Data:
^^^^^^^^
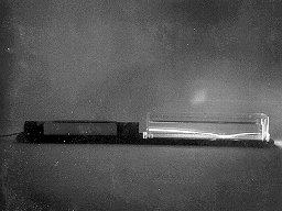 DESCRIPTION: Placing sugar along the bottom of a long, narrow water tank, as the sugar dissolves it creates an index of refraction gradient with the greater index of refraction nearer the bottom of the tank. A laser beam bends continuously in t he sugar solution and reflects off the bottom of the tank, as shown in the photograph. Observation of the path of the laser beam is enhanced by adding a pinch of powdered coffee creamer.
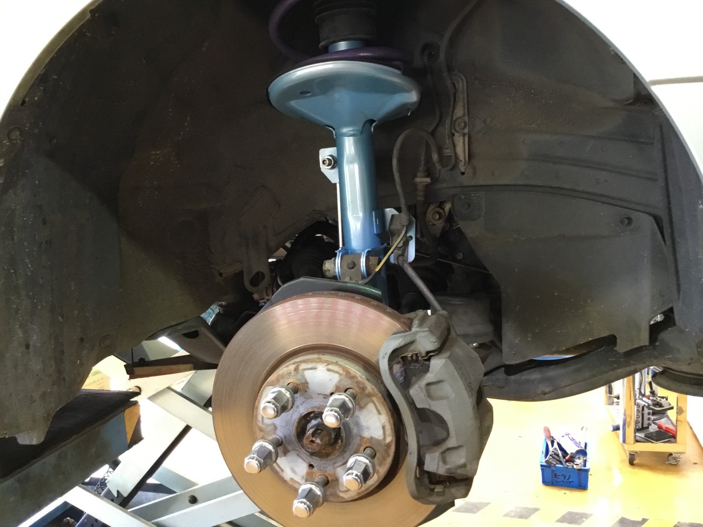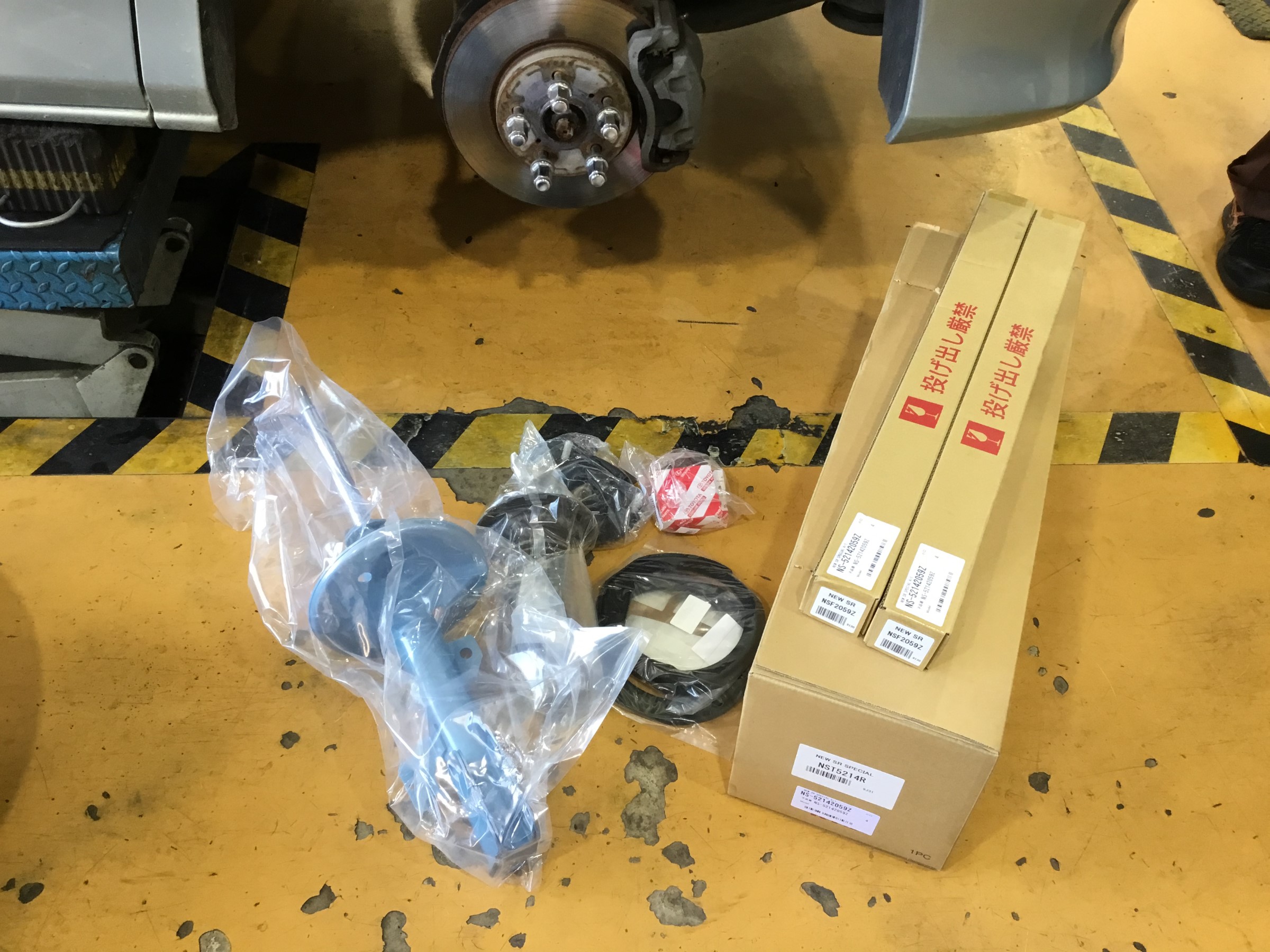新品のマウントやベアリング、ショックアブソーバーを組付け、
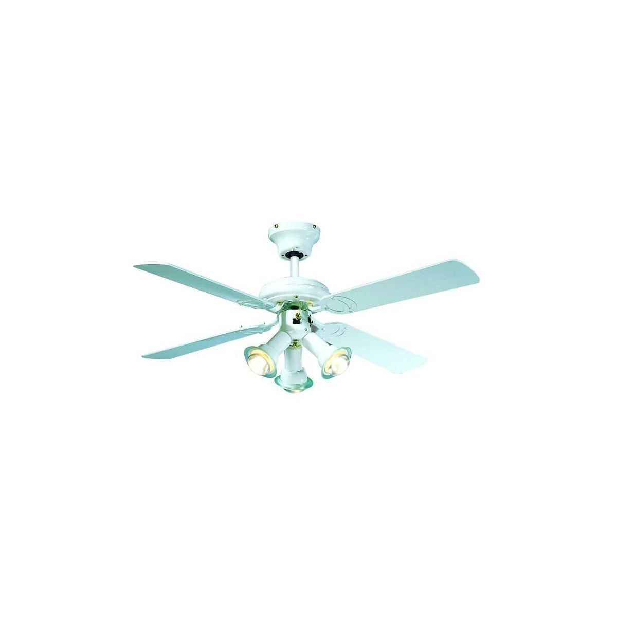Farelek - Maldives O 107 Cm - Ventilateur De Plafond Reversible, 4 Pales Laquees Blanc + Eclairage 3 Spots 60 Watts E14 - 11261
^^^^^^^^
Work item: Your task is to reproduce exactly the lines from the one that holds "新品のマウントやベアリング、ショックアブソーバーを組付け、" to the last line of the listing, and only those, omitting the pictures.

Solved exercise:
新品のマウントやベアリング、ショックアブソーバーを組付け、
Farelek - Maldives O 107 Cm - Ventilateur De Plafond Reversible, 4 Pales Laquees Blanc + Eclairage 3 Spots 60 Watts E14 - 11261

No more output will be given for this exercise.